Record Similarity compares two lists of records and returns a similarity score for each pair of records, where each record is made up of fields of the following entity types: PERSON, ORGANIZATION, ADDRESS, DATE, or IDENTIFIER/TEXT. The records do not have to contain the same fields; only fields with the same field name are compared. If one record has three fields and the other has two fields, the missing field will be ignored and the other two fields compared.

Field Weighting 

When determining match scores, some fields may be more important than others. For example, you may decide the name is more important than the address in determining if the two records match. To accomplish this, the fields can be weighted, where a field's weight represents the magnitude of its impact on the final match score. If no weights are provided, the weight is distributed equally among all fields. If field weights are used, they must be used for all fields.

Request

The request is a combination of json objects:

  • Fields: A required field whose value is the mapping information for each record. There must be a minimum of 1 field.

  • Properties: An optional field whose value specifies certain properties for the request.

  • Records: A required field that holds the "left" and "right" arrays of records to be compared. Each left record is compared to the associated right record.

    https://netorg42267.sharepoint.com/:u:/r/sites/RosetteDocumentation/_layouts/15/Doc.aspx?sourcedoc=%7BC1CAFB11-1144-4F4E-B5FB-09260EDC8501%7D&file=SimilarRecord.vsdx&action=default&mobileredirect=true&DefaultItemOpen=1

A record is a collection of name, address, and/or date objects.

Table 5. Fields

Field

Type

Description

Required

name

string

Field name defined by the user.

yes

type

rni_name, rni_address, or rni_date

Fields must be one of these types.

yes

score_if_null

number

A value between 0 and 1 to use as the score for an individual field in record matching when it is missing from a record.

no

weight

number

Value indicating weighting of the field in similarity score calculation.

no

If one field has a weight, all fields must have weights.



Table 6. Properties

Field

Type

Description

Required

threshold

number

Only results where the similarity score is greater than the threshold are returned. When set, only matching records (as defined by a similarity score above the threshold) will be returned.
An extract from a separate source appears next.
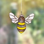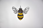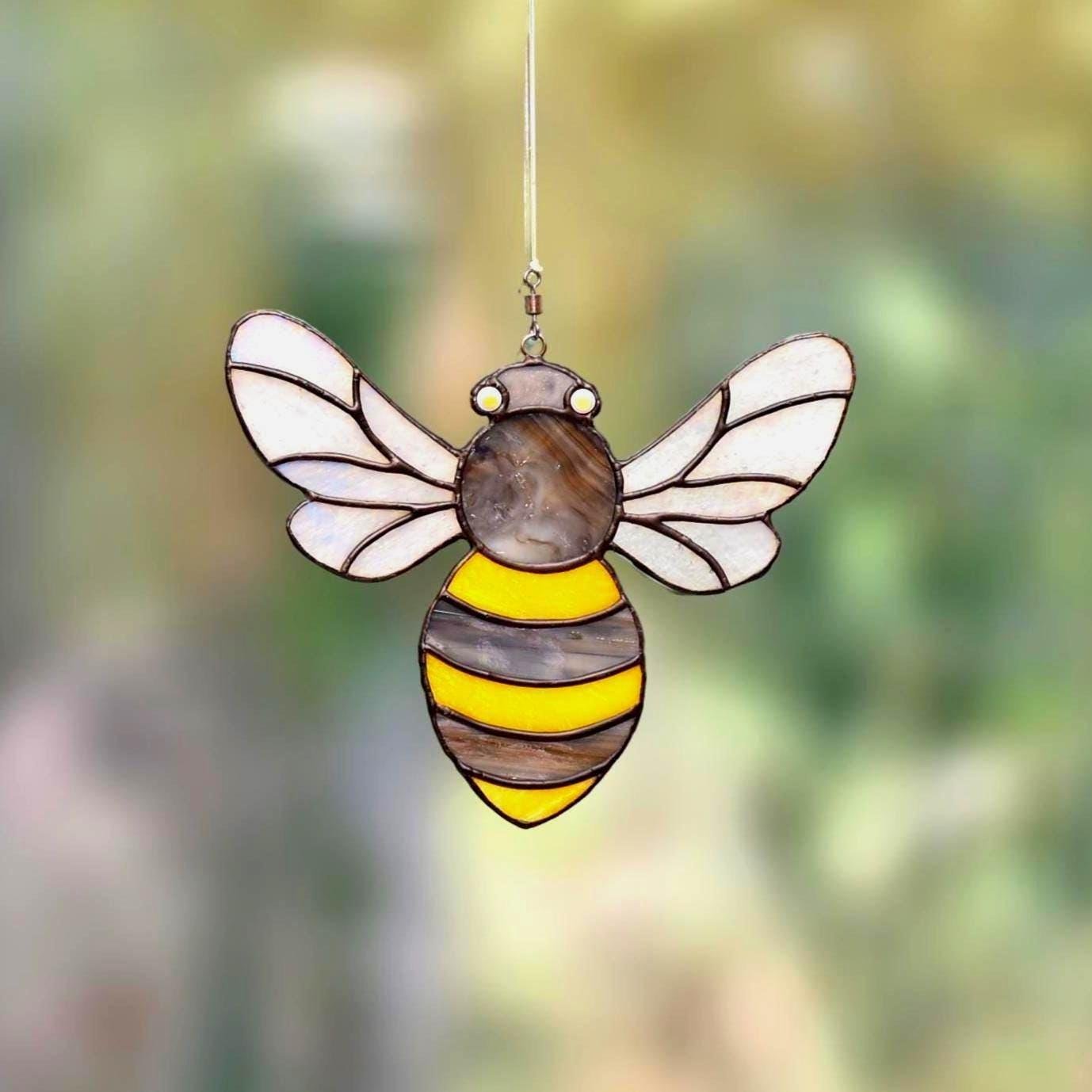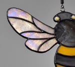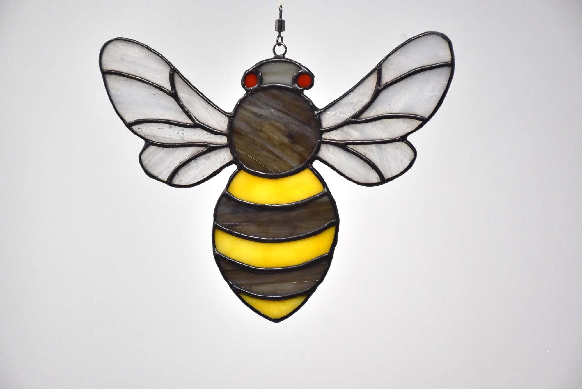 Beautiful custom designed and crafted stained glass art "Barry the Bee" suncatcher. Features hand-made glass, iridescent glass wings on one side and dark patina. It's a spinner! One side has yellow miniature "googly" eyes, the other side is plain - cute and fun! Complete and ready to hang in your favorite window or give it as a gift to that special person in your life!

The default value is 0.0; all results are returned.

no

includeExplainInfo

boolean

True if the response should contain the full details of how the records were matched.
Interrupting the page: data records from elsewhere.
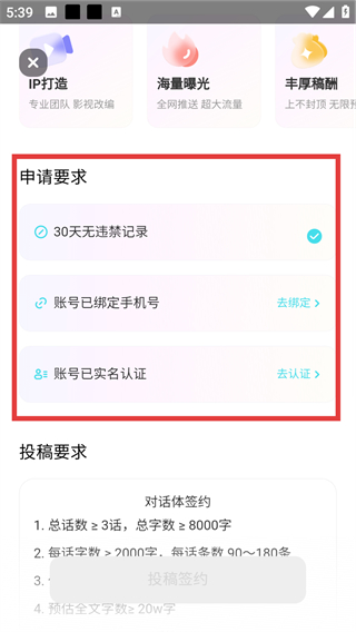 3、在投稿页面看【申请要求】,需满足30天无违禁记录、绑定手机号等条件才能投稿哦。
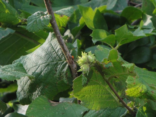 ヘーゼルナッツはね あまりにも葉っぱが増えてて、ちょっとわからなくなってしまったけど、「このへんだったよねー」とよく見たら、実がなってたの。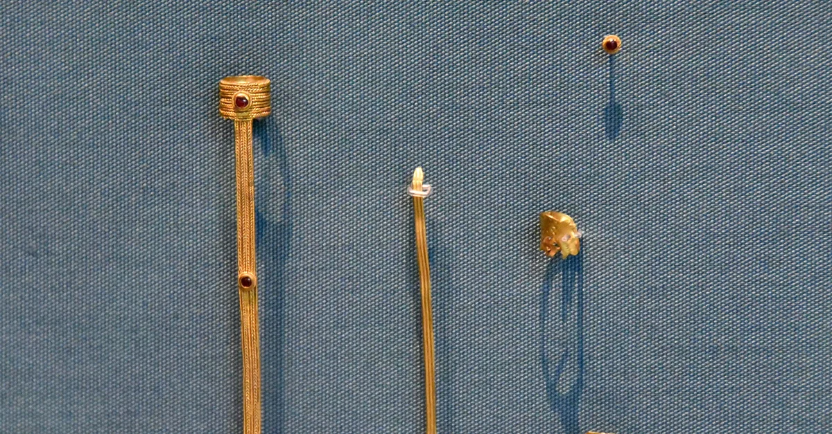 These enigmatic mounts may have been emblems of office. Rivets and rivet-holes show that some were attached to other objects, perhaps bone or ivory rods that decayed in the ground. The most elaborate mount comprises a gold filigree (beaded wire) ring attached to a strip with cabochon (domed) garnet settings. A similar setting was found elsewhere in the burial. The fluted strip has an animal-head terminal, while wolf-like beasts appear on the triangular and curved mounts. Donated by Mrs. Edith M. Pretty. Early 600s CE. From the ship-burial mound 1 at Sutton Hoo, Suffolk, England, UK. (The British Museum, London).

False if the response should not contain the detail section.

yes

parameters

map

A map of string parameter names to string parameter values.

no

parameterUniverse

string

The string name of a universe already specified in the parameter_profiles.yaml or internal_param_profiles.yaml file,

no

Available in Server and all non-managed plugin instances



You can only provide a list of parameters or the name of a parameter universe. If both are provided, an error will be returned. Neither are required.
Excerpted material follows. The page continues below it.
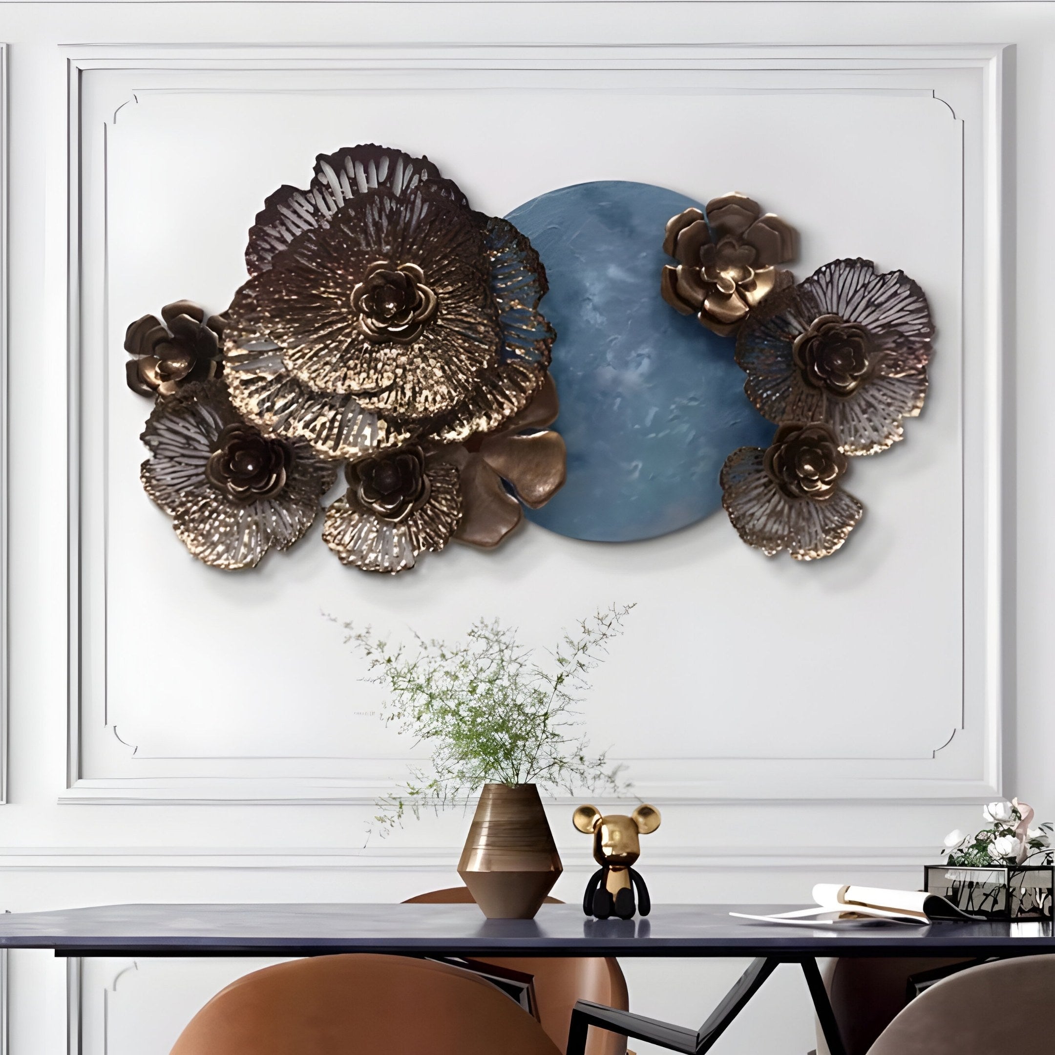 The Luminis Bloom Blue Floral Metal Wall Art is an elegant blend of hand-crafted metal flowers and a serene blue circular base. Each floral detail features a mix of metallic gold and bronze tones, adding texture and dimension to the design. The hand-painted blue backdrop brings balance and calm, perfectly complementing the intricate metallic flowers. Its three-dimensional structure showcases thoughtful craftsmanship, creating an eye-catching statement piece for any wall.

The endpoint compares a left record to a right record. The left and right arrays do not have to contain the same fields, but only matching field names are compared.

Table 7. Records

Field

Type

Description

Required

left

array

One of the records to be compared.

Must contain at least 1 entry, maximum of 10 entries. The number of entries must match the number of entries in the right array.

yes

right

array

The other of record to be compared.

Must contain at least 1 entry, maximum of 10 entries. The number of entries must match the number of entries in the left array.

yes



The following fields define the values in the left and right array. Each array is made of a combination of name, address, and date fields where each field has a field name.

Table 8. Arrays

Field Type

Field

Type

Description

Required

Name

field name

string

The name of the field. It must match a value defined in the fields array.

yes

text

string

The value of the field.

required for name fields

language

string

Three-letter ISO 693-3 language code

no (but strongly recommended if source language is known)

entityType

string

The type of name being matched. The most common ones are PERSON (default), LOCATION, and ORGANIZATION. Additional types of identifiers can also be matched.

no

If not specified, the type PERSON will be used.

languageOfOrigin

string

Three-letter ISO 693-3 language code

no

script

string

Four-letter ISO-15924 script code

no

Date

field name

string

The name of the field. It must match a value defined in the fields array.

yes

date

string

The value of the date field

required for date fields

format

string

The format of entered dates. Follows these rules.

no

Address[a]

field name

string

The name of the field. It must match a value defined in the fields array.

yes

address

string

The value of the address field

required for address fields

[a] Fielded addresses are also supported as described in the Address Similarity endpoint



{
  "fields": {             
    "primaryName": {      
      "type": "rni_name", 
      "weight": 0.0      
    },
    "dob": {
      "type": "rni_date",
      "weight": 0.2
    },
    "addr": {
      "type": "rni_address",
      "weight": 0.5
    }
  },
  "properties": {                
    "threshold": 0.7,             
    "includeExplainInfo": true    
  },
  "records": {                   
    "left": [                    
      {
        "primaryName": {          
          "text": "Ethan R",         
          "language": "eng",        
          "entityType": "PERSON",    
          "languageOfOrigin":"eng",  
          "script": "Latn"           
        },
        "dob": {
          "date" : "1993-04-16"     
        }
      },
      {
        "primaryName": {
          "text": "Evan R"
        },
        "dob": "1993-04-16"
      }
    ],
    "right": [                  
      {
        "primaryName": {
          "text": "Seth R"
        },
        "dob": "1993-04-16"
      },
      {
        "primaryName": {
          "text": "Ivan R"
        },
        "dob": "1993-04-16",
        "addr": "123 Roadlane Ave"
      }
    ]
  }
}

Response

Similarity scores range from 0 to 1. The higher the score, the greater the confidence that this is a relevant match. A score of 1.0 indicates that the two values are identical. The score is a relative indication of how similar the records are; it is not an absolute value.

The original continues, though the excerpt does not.